> **Records supplied**:

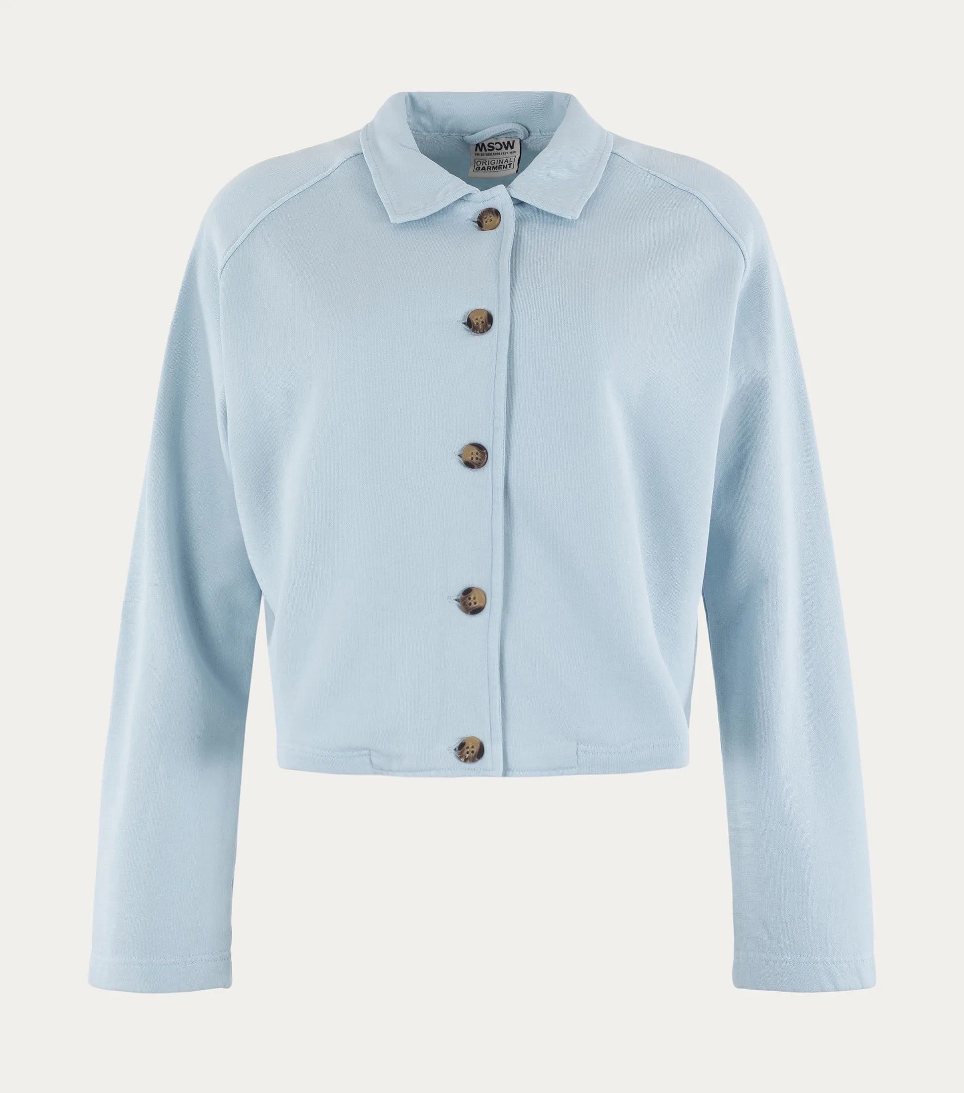 Dit vest van MOSCOW in de kleur light denim is een comfortabel en veelzijdig item. Gemaakt van zacht katoen met een normale pasvorm en geschikt om open of gesloten te dragen. Perfect voor zomerse looks.
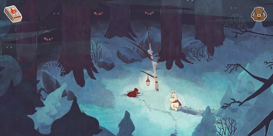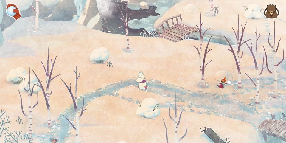 Similarly to Snufkin: Melody of Moominvalley, Moomintroll encounters some regulars of Moominvalley as well as some new beings – the Winter Beings that come out when the snows fall. As Moomintroll meets the different characters he gets given quests to complete, with a lot of these being based on finding things for others. To assist in this, Moomintroll gradually acquires tools which are used to open up new pathways and reach new places. These include matches to light up the way in dark areas, a shovel to clear areas of deep snow, axe to chop wood and ice, and mittens to throw snowballs.
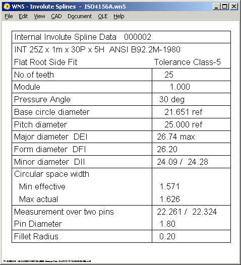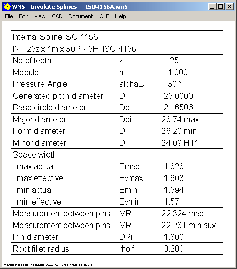 Updated version of WN5 lets you select calculation according to ANSI B92.2M or ISO 4156. Default setting is now ISO 4156. Depending on your selection, WN5 draws at "View->Quick" and "View->Table" a data table according to ANSI B92.2M or ISO 4156.
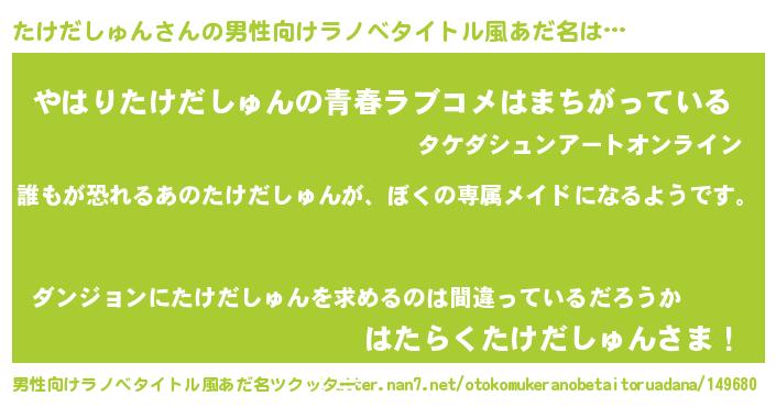 | 女子向けラノベタイトル風あだ名 | 『異世界でカフェたけだしゅんを開店しました。』 |
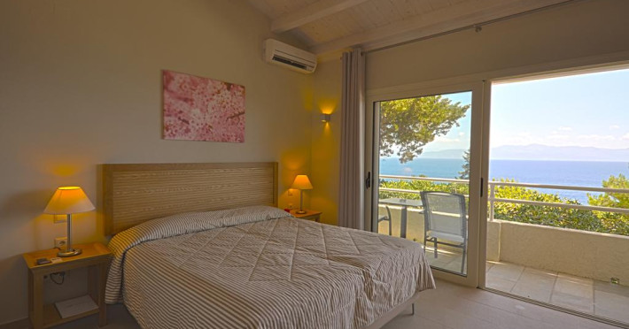 Decorate în nuanţe naturale, camerele de la Paxos Beach au balcon mobilat cu vedere la Marea Ionică. Fiecare cameră are aer condiţionat, televizor LCD cu programe prin satelit şi frigider.

> **Task description**:
The answer is every line of the data, exactly as written, with the pictures dropped.

> **Solution for this task**:
 Dit vest van MOSCOW in de kleur light denim is een comfortabel en veelzijdig item. Gemaakt van zacht katoen met een normale pasvorm en geschikt om open of gesloten te dragen. Perfect voor zomerse looks.
 Similarly to Snufkin: Melody of Moominvalley, Moomintroll encounters some regulars of Moominvalley as well as some new beings – the Winter Beings that come out when the snows fall. As Moomintroll meets the different characters he gets given quests to complete, with a lot of these being based on finding things for others. To assist in this, Moomintroll gradually acquires tools which are used to open up new pathways and reach new places. These include matches to light up the way in dark areas, a shovel to clear areas of deep snow, axe to chop wood and ice, and mittens to throw snowballs.
 Updated version of WN5 lets you select calculation according to ANSI B92.2M or ISO 4156. Default setting is now ISO 4156. Depending on your selection, WN5 draws at "View->Quick" and "View->Table" a data table according to ANSI B92.2M or ISO 4156.
 | 女子向けラノベタイトル風あだ名 | 『異世界でカフェたけだしゅんを開店しました。』 |
 Decorate în nuanţe naturale, camerele de la Paxos Beach au balcon mobilat cu vedere la Marea Ionică. Fiecare cameră are aer condiţionat, televizor LCD cu programe prin satelit şi frigider.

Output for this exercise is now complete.